Single by The Serendipity Singers

from the album The Serendipity Singers
- B-side: "Freedom's Star"
- Released: February 1964
- Recorded: 1963
- Genre: Folk, calypso
- Length: 2:43
- Label: Philips
- Songwriters: Traditional Reissues credit Ersel Hickey, Ed E. Miller

The Serendipity Singers singles chronology
|  | "Don't Let the Rain Come Down (Crooked Little Man)" (1964) | "Beans in My Ears" (1964) |

= Don't Let the Rain Come Down (Crooked Little Man) =

"Don't Let the Rain Come Down (Crooked Little Man)" is a folk music single, and the debut recording of the Serendipity Singers in 1964. The song was based on the English nursery rhyme "There Was a Crooked Man".

The song was first recorded as "Crooked Little House" by Jimmie Rodgers in 1960, on his album At Home with Jimmie Rodgers - An Evening of Folk Songs, on which the songwriting was credited to Ersel Hickey and Ed E. Miller.

In 1964, it was recorded by the Serendipity Singers in a calypso music-based adaptation and arrangement by the group's musical director Bob Bowers, with group members Bryan Sennett and John Madden. In the midst of Beatlemania, the record reached #2 on the U.S. Adult Contemporary chart, #6 on the Billboard Hot 100, and #7 in Canada in April and May 1964. "Don't Let the Rain Come Down" (Phillips 40175) was the #1 song on the April 17, 1964 WLS Silver Dollar Survey, and also topped surveys in Louisville, Minneapolis, Pittsburgh and elsewhere. The song reached #6 on the New Zealand Lever Hit parade chart. It was released on their premiere album, The Serendipity Singers. Later reissues of the Serendipity Singers' recording credited Hickey and Miller as the song's writers.

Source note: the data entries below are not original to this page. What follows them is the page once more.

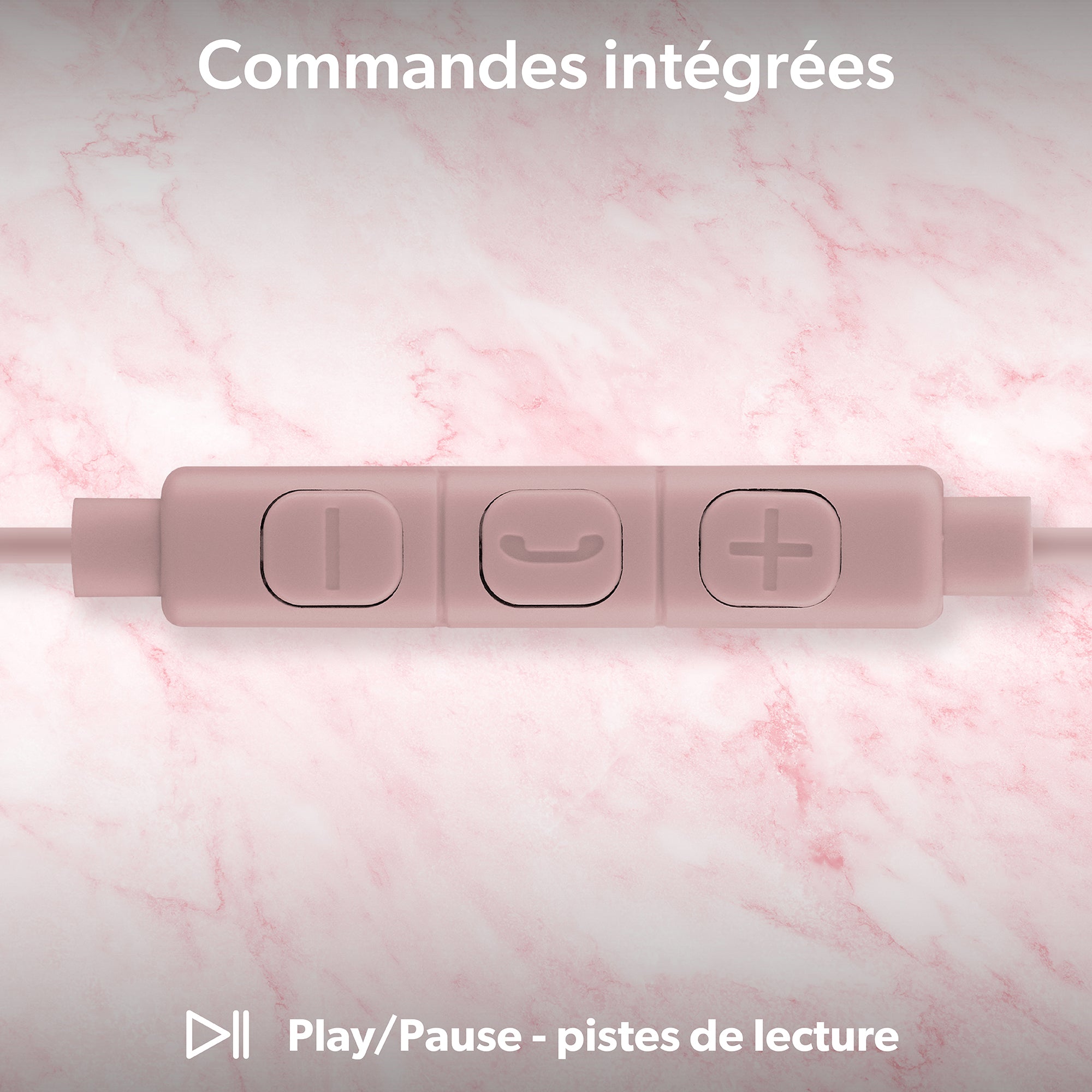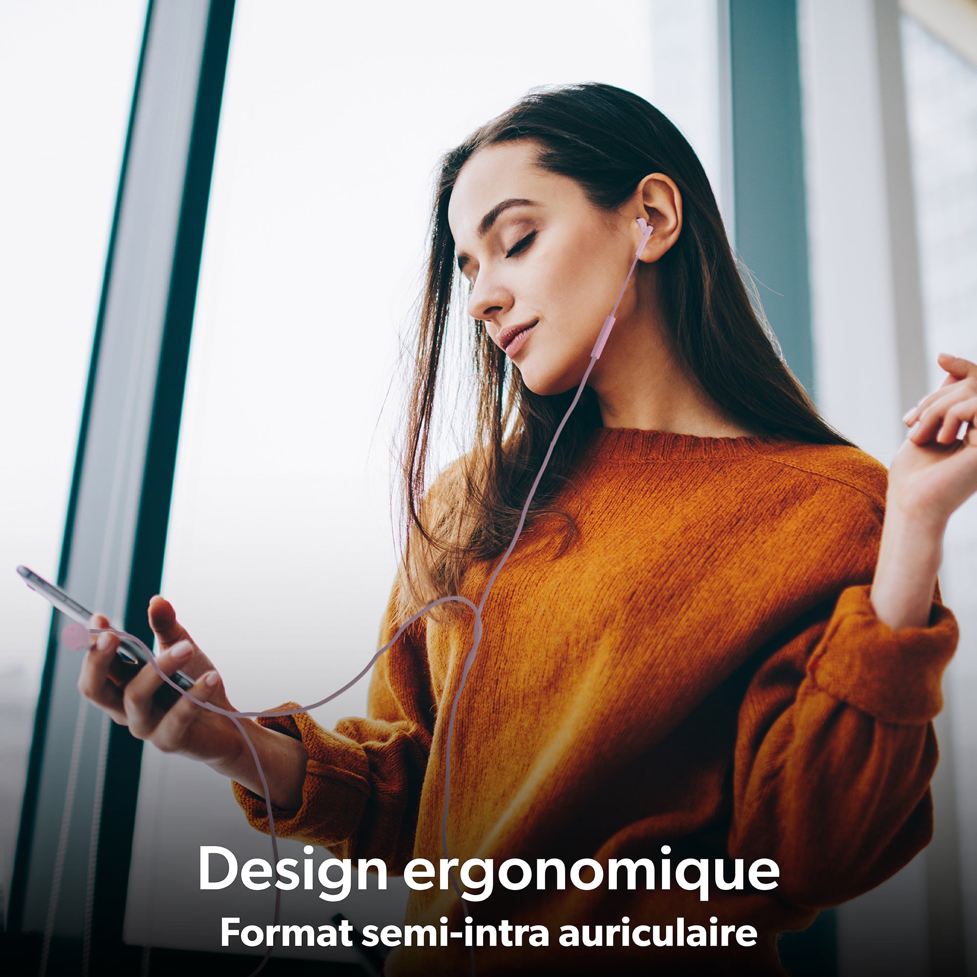 Compatibles con todos los reproductores de música de Apple (iPhone, iPod, iPad), estos auriculares de la colección CURV presentan un diseño elegante y un elegante color rosa.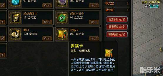 祝福卡,土豪专属聊天。而且在使用的时候整个服务器的玩家都会受到一定的经验奖励,专用于土豪快要升级的时候又没有合适的经验来源,通常一批祝福卡就可以搞定升级了。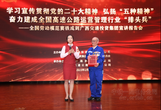 2月24日,由廣西交通投資集團(tuán)有限公司主辦,中鐵一局集團(tuán)有限公司、南寧高速公路運(yùn)營有限公司承辦的“學(xué)習(xí)宣傳貫徹黨的二十大精神,弘揚(yáng)‘五種精神’奮力建成全國高速公路運(yùn)營管理行業(yè)‘排頭兵’——全國勞模、全國優(yōu)秀共產(chǎn)黨員竇鐵成宣講報(bào)告會(huì)在廣西南寧舉辦。廣西交投集團(tuán)副總經(jīng)理陳智杰,中鐵一局集團(tuán)副總經(jīng)理尚武孝出席了報(bào)告會(huì)。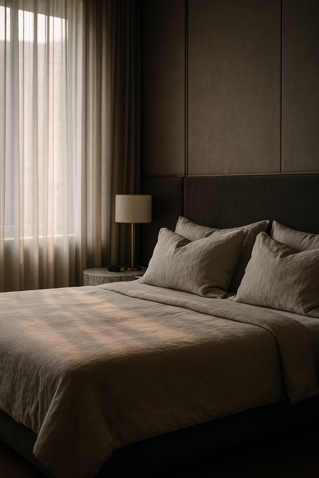 Discover this elegant bedroom featuring a neutral-toned bed, sheer curtains filtering soft light, and a modern lamp beside it. The warm lighting creates a cozy atmosphere, emphasizing a minimalist and sophisticated design. The neutral color palette is complemented by a dark wall panel, providing a a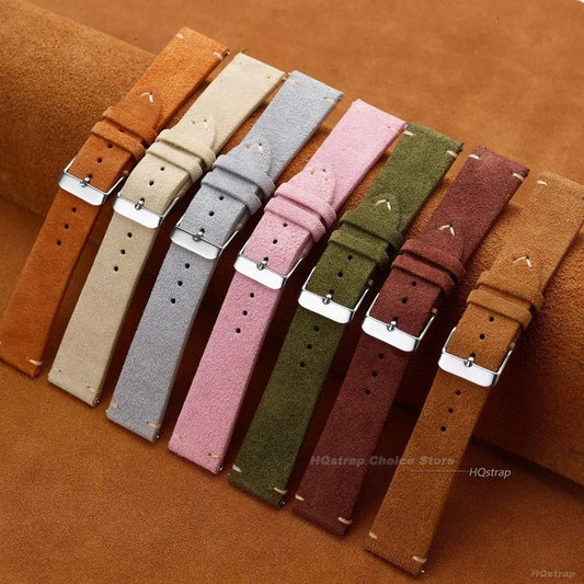 Quick Release Soft Suede Strap 22mm 18mm 20mm for Samsung Watch6 5/4/3 Calfskin Bracelet for Women Men Wristband Hand Sewn Band

In a "My Music, Folk Rewind" video, the group's nine members appear as three groups of three, with each group singing its particular verse; all nine members sing in each repetition of the chorus.

The song was also covered by The Brothers Four on their album More Big Folk Hits; Trini Lopez on The Folk Album (1965); and Ronnie Hilton, whose version was a hit in the UK, peaking at #21 in 1964.